Исследование температуры концевого фрезерования низколегированной стали в крупнозернистом и ультрамелкозернистом состояниях

Abstract

The paper presents the results of the study of the end milling temperature of low-alloy steel depending on the cutting modes and the type of crystalline structure. The experiment was carried out on a PROMA FHV-50PD universal milling machine. The blanks were processed using a 12-12D-30C-75L-4F HRC55 carbide milling cutter. No cooling was used during processing. The obtained data were statistically analyzed to identify the dependence of the end milling temperature of low-alloy steel on the processing modes and the steel crystalline structure. When creating a mathematical model of cutting temperature, the authors carried out a bootstrap analysis to identify the significance of the parameters of the processing modes. The mathematical model was chosen using the Akaike informative criterion. It was found that mathematical models of the temperature dependence on processing modes for both types of crystalline structure include the cutting depth in the second power. At the same time, for steel in an ultrafine-grained state, both the cutting depth and the feed are statistically significant.

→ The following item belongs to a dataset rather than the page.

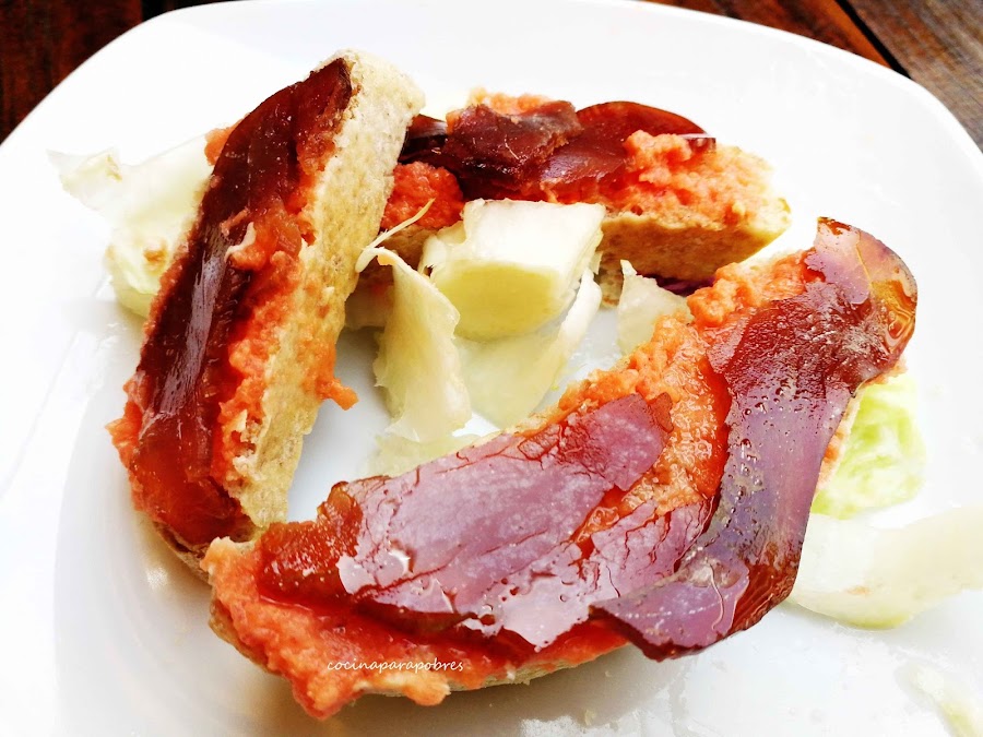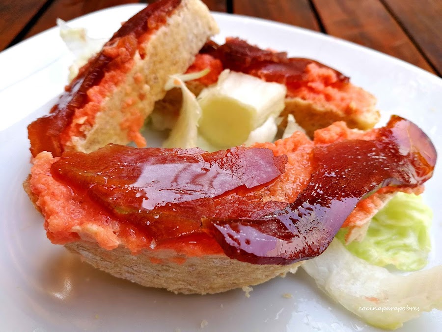 salmorejoCortamos el pan en rebanadas, extendemos sobre esta salmorejo y terminamos colocando una loncha de mojada.

It was not possible to detect the influence of cutting speed on temperature in the studied range of processing modes. Thus, when milling this group of materials, the force component primarily determined by the cutting depth exerts the predominant influence on the temperature regime. The level of cutting temperature when processing steel in an ultrafine-grained state is generally higher than when processing steel in a coarse-grained state, which should be associated with the increased physical and mechanical properties of steel with an ultrafine-grained crystalline structure.